I have a data frame with start and end dates, and I am calculating the difference in time between them using the difftime
function. However, some of my start dates are greater than my end dates, which results in a negative time difference. I need to swap the start date for the end date and vice versa when this happens. How can I do this?
Here is an example data frame:
df1 <- data.frame(matrix(ncol = 3, nrow = 3))
colnames(df1)[1:3] <- c('date_start','date_end','diff')

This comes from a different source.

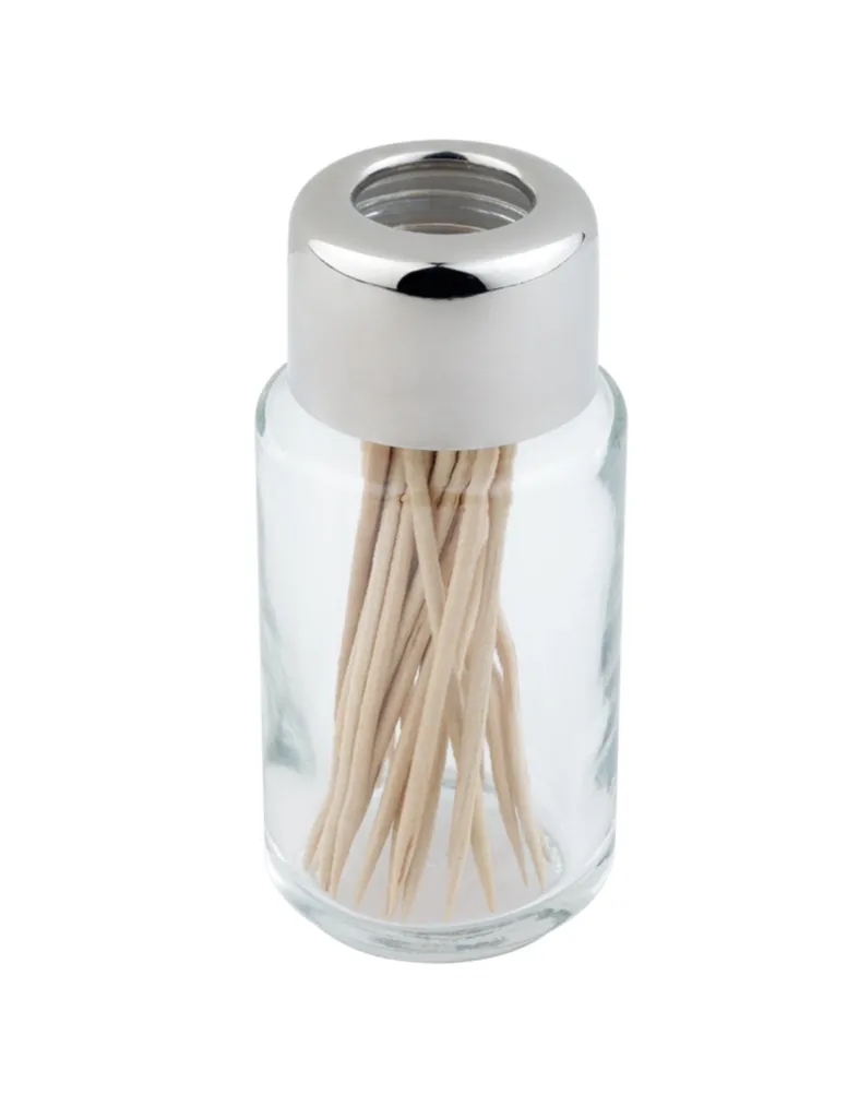 מחזיק לקיסמי שיניים דגם "קלאסיק" מיכל זכוכית עם טבעת נירוסטה 40313

df1$date_start <- c(as.Date('2004-11-09'),
as.Date('2020-01-01'),
as.Date('1992-09-01'))
df1$date_end <- c(as.Date('2005-11-09'),
as.Date('2010-12-31'),
as.Date('2006-10-31'))
df1$diff <- difftime(df1$date_end,df1$date_start)
df1
The correct data frame should look like this (with the start and end dates swapped in the second row):
date_start date_end diff
1 2004-11-09 2005-11-09 365 days
2 2010-12-31 2020-01-01 3288 days
3 1992-09-01 2006-10-31 5173 days
>Solution :
df1 <- df1 |>
transform(date_start = pmin(date_start, date_end),
date_end = pmax(date_start, date_end))
(base::transform
is similar to dplyr::mutate
, but one difference is that each term is calculated based on the incoming data, not on "the data as it exists after modifications to that point." The code would not work like this with mutate
since date_start
would be overwritten after the first step.)